**Required work:** In this exercise, retype exactly and only the lines from the top of the entries below through the line that holds "Camicia classica con", omitting pictures.

**Items from a dataset:**
>>>>>

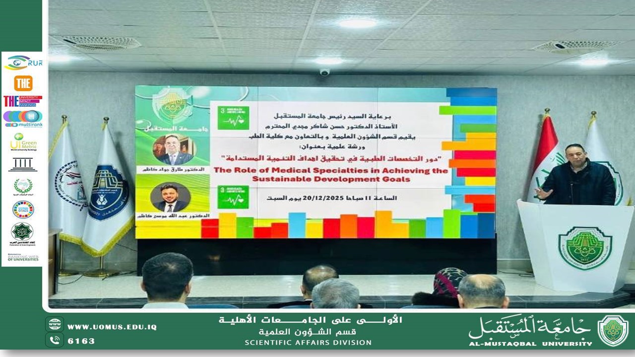 برعاية كريمة من السيد رئيس جامعة المستقبل الأستاذ الدكتور حسن شاكر مجدي المحترم، وبإشراف مباشر من قسم الشؤون العلمية، نظم القسم ورشة علمية تخصصية بالتعاون مع كلية الطب العام في جامعة المستقبل ، وذلك ضمن إطار تعزيز التكامل العلمي بين الأقسام والكليات ودعم الأنشطة الأكاديمية الهادفة.
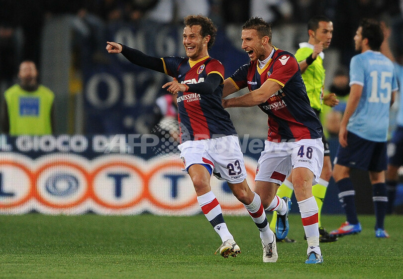 前半28分に追加点を奪い、チームメイトのマッテオ・ルビン(Matteo Rubin、右)と歓喜するボローニャのアレッサンドロ・ディアマンティ(Alessandro Diamanti、2012年3月11日撮影)。(c)AFP/ANDREAS SOLARO
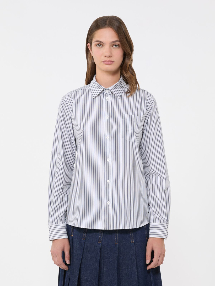 Camicia classica con piccolo logo a farfalla ricamato sull’orlo anteriore sinistro.
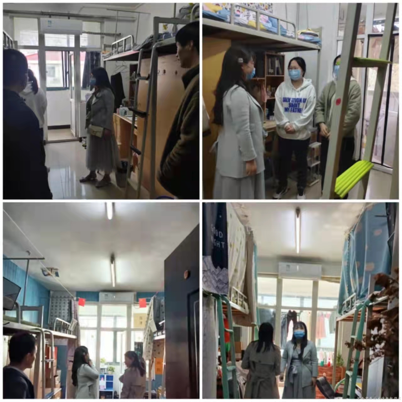 检查期间,老师们每到一个宿舍,主动与同学们交流,关心他们近期的学习、生活、思想动态,叮嘱同学们珍惜在校的学习机会,聚焦毕业论文、科研实验下功夫,勤于导师沟通,汇报进展。希望在校同学严格按照校疫情防控工作要求和实验室管理要求,遵守校园防疫政策。
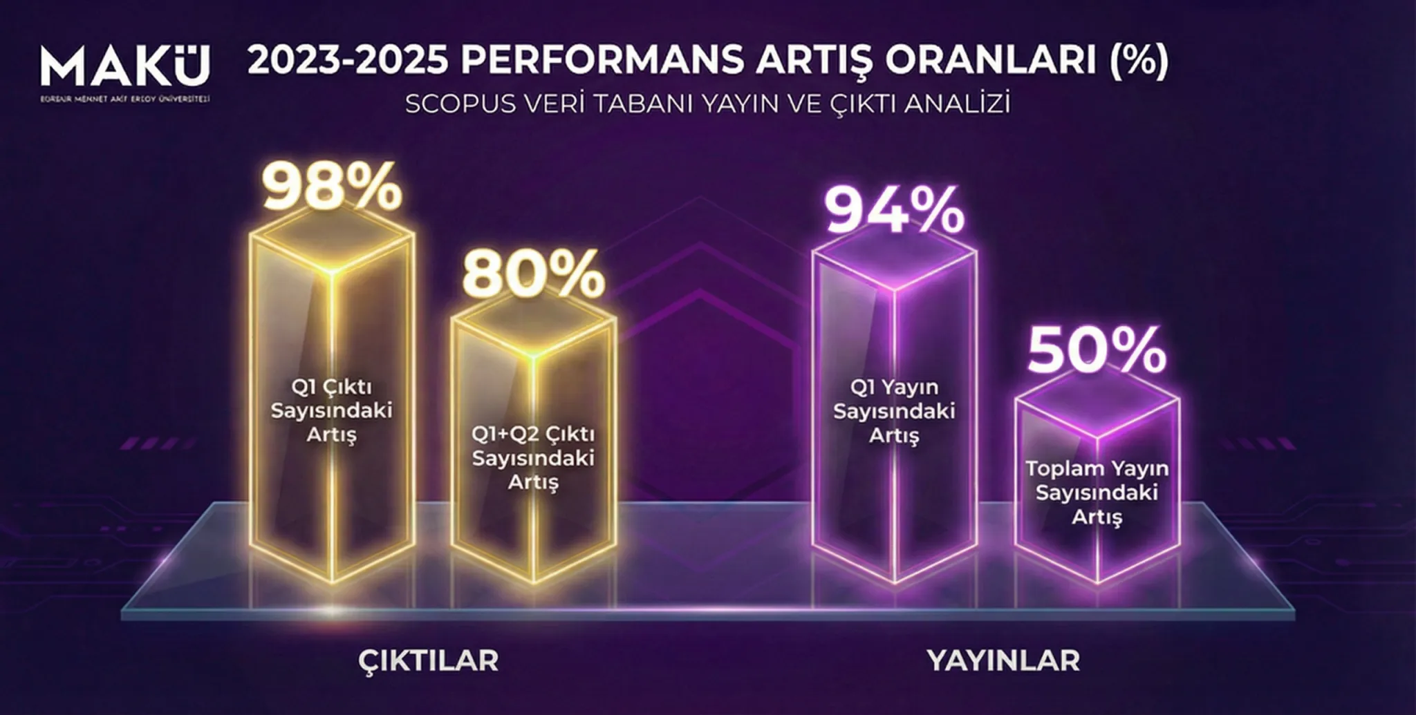Bu başarı, bilimsel kalite, üretim kapasitesi ve sürdürülebilir akademik gelişimin güçlü bir göstergesi olup, MAKÜ Ailesi’nin özverili emeğinin bir sonucudur.

<<<<<

**Response to the task:**
 برعاية كريمة من السيد رئيس جامعة المستقبل الأستاذ الدكتور حسن شاكر مجدي المحترم، وبإشراف مباشر من قسم الشؤون العلمية، نظم القسم ورشة علمية تخصصية بالتعاون مع كلية الطب العام في جامعة المستقبل ، وذلك ضمن إطار تعزيز التكامل العلمي بين الأقسام والكليات ودعم الأنشطة الأكاديمية الهادفة.
 前半28分に追加点を奪い、チームメイトのマッテオ・ルビン(Matteo Rubin、右)と歓喜するボローニャのアレッサンドロ・ディアマンティ(Alessandro Diamanti、2012年3月11日撮影)。(c)AFP/ANDREAS SOLARO
 Camicia classica con piccolo logo a farfalla ricamato sull’orlo anteriore sinistro.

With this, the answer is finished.